## ACTION ITEM
Write out, word for word and with no pictures, each line below from the one containing "Our stunning and unique flute" through the one containing "对于普通居民而言,房子要使用", both included, and no other line.

SOURCE RECORDS section start

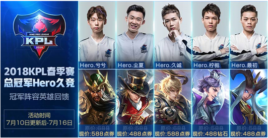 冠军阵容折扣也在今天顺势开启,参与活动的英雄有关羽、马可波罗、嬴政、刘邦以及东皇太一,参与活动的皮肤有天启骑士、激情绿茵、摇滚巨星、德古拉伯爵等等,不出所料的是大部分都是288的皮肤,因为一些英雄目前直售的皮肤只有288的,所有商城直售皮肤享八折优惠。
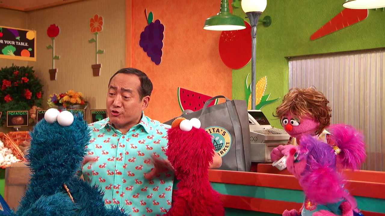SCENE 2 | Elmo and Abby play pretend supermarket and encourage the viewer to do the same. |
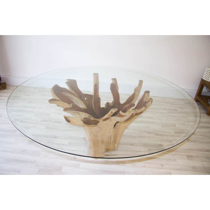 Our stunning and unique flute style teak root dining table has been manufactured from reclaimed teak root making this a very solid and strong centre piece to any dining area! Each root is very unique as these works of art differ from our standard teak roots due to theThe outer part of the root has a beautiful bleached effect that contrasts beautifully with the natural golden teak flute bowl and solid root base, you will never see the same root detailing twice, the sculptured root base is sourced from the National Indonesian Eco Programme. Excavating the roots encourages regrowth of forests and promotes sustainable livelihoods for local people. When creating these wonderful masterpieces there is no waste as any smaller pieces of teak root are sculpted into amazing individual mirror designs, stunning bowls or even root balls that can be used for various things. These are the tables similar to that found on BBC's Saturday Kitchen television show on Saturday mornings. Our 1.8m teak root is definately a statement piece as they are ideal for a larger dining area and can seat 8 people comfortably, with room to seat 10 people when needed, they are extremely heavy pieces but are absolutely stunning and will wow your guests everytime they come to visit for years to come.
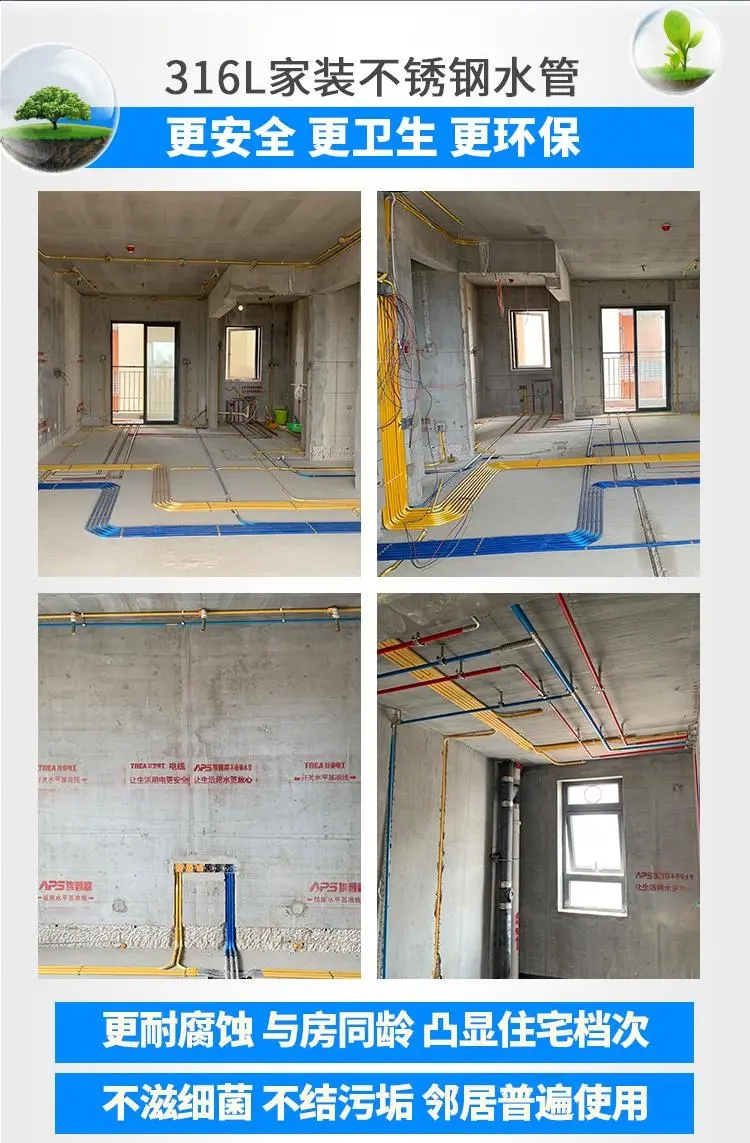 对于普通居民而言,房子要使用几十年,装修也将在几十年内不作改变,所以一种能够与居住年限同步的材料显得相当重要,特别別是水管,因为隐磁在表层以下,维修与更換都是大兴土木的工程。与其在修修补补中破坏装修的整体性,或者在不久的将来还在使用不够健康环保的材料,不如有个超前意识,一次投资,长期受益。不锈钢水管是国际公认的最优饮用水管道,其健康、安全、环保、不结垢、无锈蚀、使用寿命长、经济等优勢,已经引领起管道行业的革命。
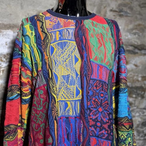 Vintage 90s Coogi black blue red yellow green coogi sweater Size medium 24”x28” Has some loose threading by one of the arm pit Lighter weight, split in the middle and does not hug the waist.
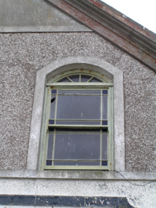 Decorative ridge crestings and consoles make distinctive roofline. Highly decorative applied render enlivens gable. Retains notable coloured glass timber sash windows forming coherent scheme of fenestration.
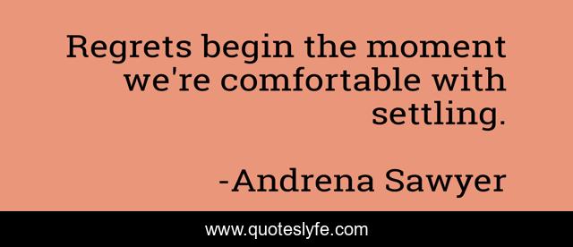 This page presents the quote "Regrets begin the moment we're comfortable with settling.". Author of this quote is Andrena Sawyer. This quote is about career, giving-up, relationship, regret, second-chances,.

SOURCE RECORDS section end
SOURCE RECORDS section start

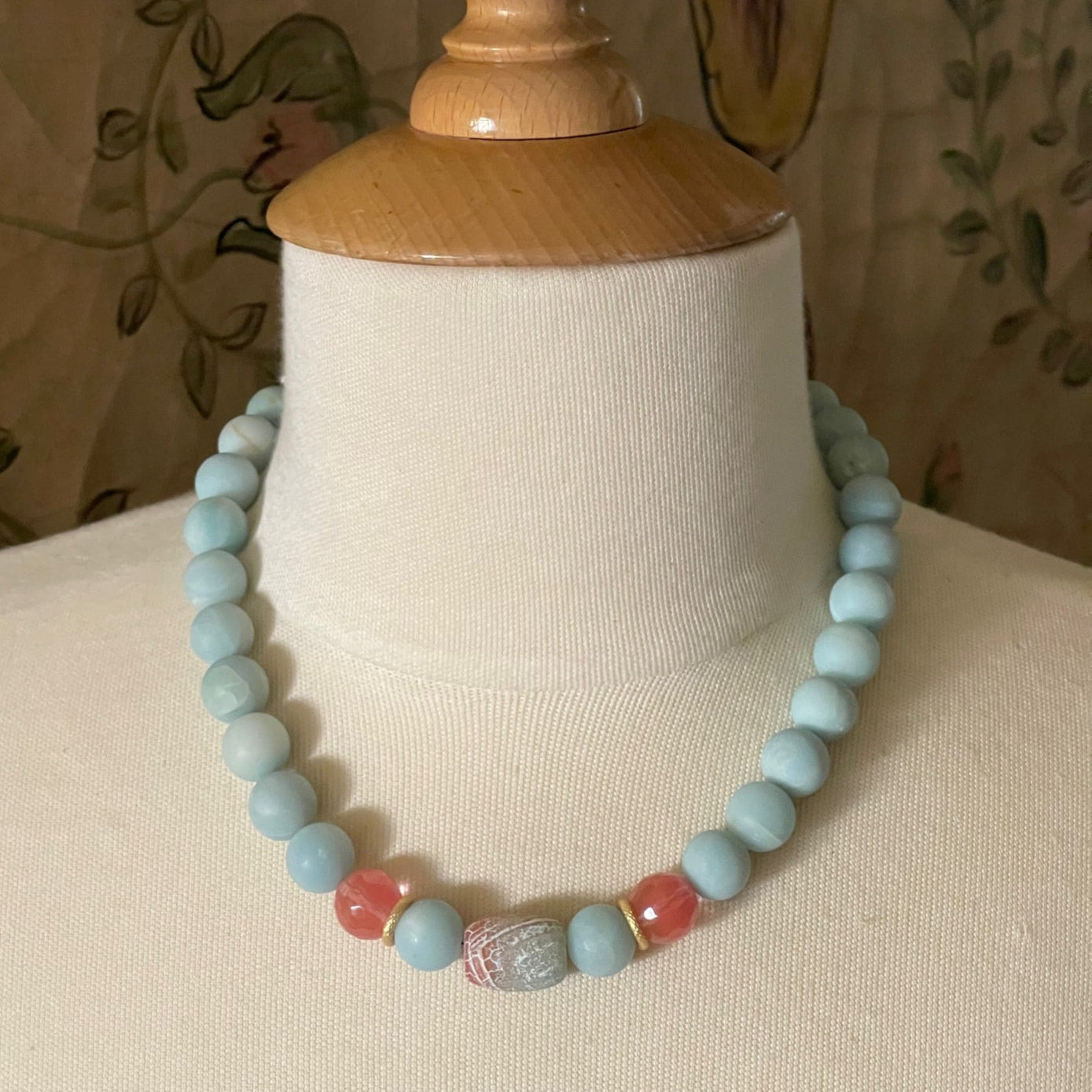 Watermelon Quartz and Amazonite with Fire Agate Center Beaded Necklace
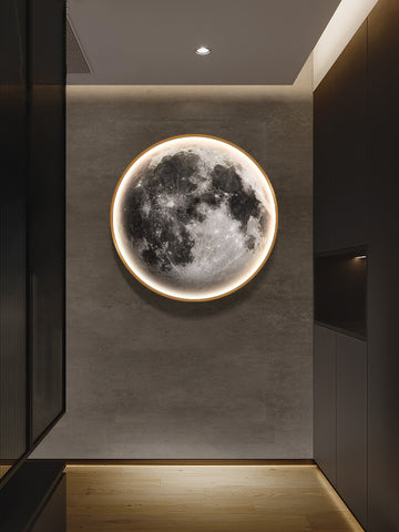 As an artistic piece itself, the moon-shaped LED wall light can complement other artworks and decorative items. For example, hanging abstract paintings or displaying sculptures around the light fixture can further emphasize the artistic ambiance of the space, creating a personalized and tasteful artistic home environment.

SOURCE RECORDS section end

## SOLUTION
 Our stunning and unique flute style teak root dining table has been manufactured from reclaimed teak root making this a very solid and strong centre piece to any dining area! Each root is very unique as these works of art differ from our standard teak roots due to theThe outer part of the root has a beautiful bleached effect that contrasts beautifully with the natural golden teak flute bowl and solid root base, you will never see the same root detailing twice, the sculptured root base is sourced from the National Indonesian Eco Programme. Excavating the roots encourages regrowth of forests and promotes sustainable livelihoods for local people. When creating these wonderful masterpieces there is no waste as any smaller pieces of teak root are sculpted into amazing individual mirror designs, stunning bowls or even root balls that can be used for various things. These are the tables similar to that found on BBC's Saturday Kitchen television show on Saturday mornings. Our 1.8m teak root is definately a statement piece as they are ideal for a larger dining area and can seat 8 people comfortably, with room to seat 10 people when needed, they are extremely heavy pieces but are absolutely stunning and will wow your guests everytime they come to visit for years to come.
 对于普通居民而言,房子要使用几十年,装修也将在几十年内不作改变,所以一种能够与居住年限同步的材料显得相当重要,特别別是水管,因为隐磁在表层以下,维修与更換都是大兴土木的工程。与其在修修补补中破坏装修的整体性,或者在不久的将来还在使用不够健康环保的材料,不如有个超前意识,一次投资,长期受益。不锈钢水管是国际公认的最优饮用水管道,其健康、安全、环保、不结垢、无锈蚀、使用寿命长、经济等优勢,已经引领起管道行业的革命。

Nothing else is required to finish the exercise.